[DATA RECORDS]:
###

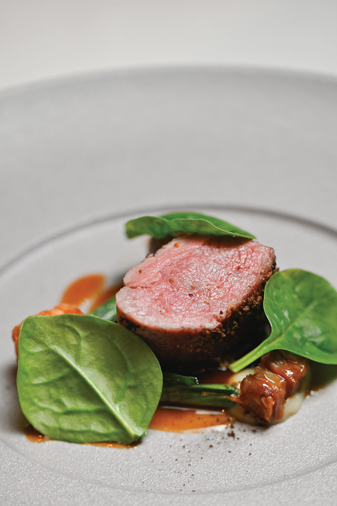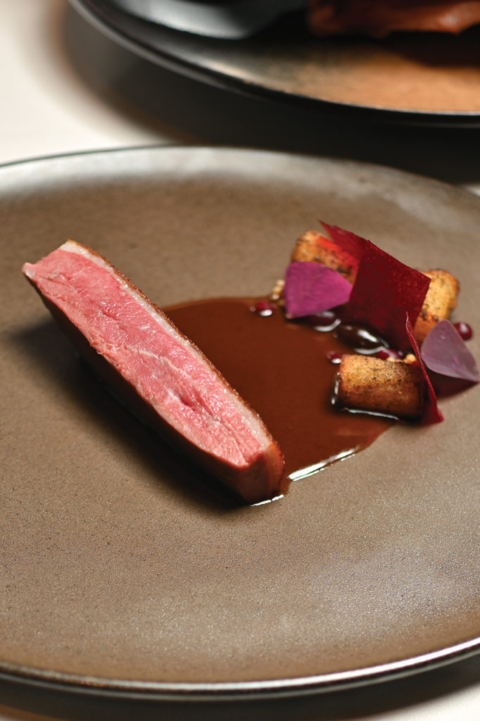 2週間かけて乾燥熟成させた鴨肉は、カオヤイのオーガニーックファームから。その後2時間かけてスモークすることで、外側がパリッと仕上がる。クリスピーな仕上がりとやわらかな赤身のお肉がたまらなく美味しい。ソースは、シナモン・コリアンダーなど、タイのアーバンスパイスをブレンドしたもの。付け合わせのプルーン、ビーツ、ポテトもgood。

###

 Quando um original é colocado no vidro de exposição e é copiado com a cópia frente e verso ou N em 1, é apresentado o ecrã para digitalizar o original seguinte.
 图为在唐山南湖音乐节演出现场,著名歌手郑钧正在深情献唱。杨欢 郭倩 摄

###

[WHAT YOU WILL DO]: Extract from the records above the lines from the one containing "Quando um original" to the one containing "图为在唐山南湖音乐节演出现场,著名歌手郑钧正在深情献唱。杨欢 郭倩 摄", both lines included, exactly as they appear and with nothing else.

[THE ANSWER]:
 Quando um original é colocado no vidro de exposição e é copiado com a cópia frente e verso ou N em 1, é apresentado o ecrã para digitalizar o original seguinte.
 图为在唐山南湖音乐节演出现场,著名歌手郑钧正在深情献唱。杨欢 郭倩 摄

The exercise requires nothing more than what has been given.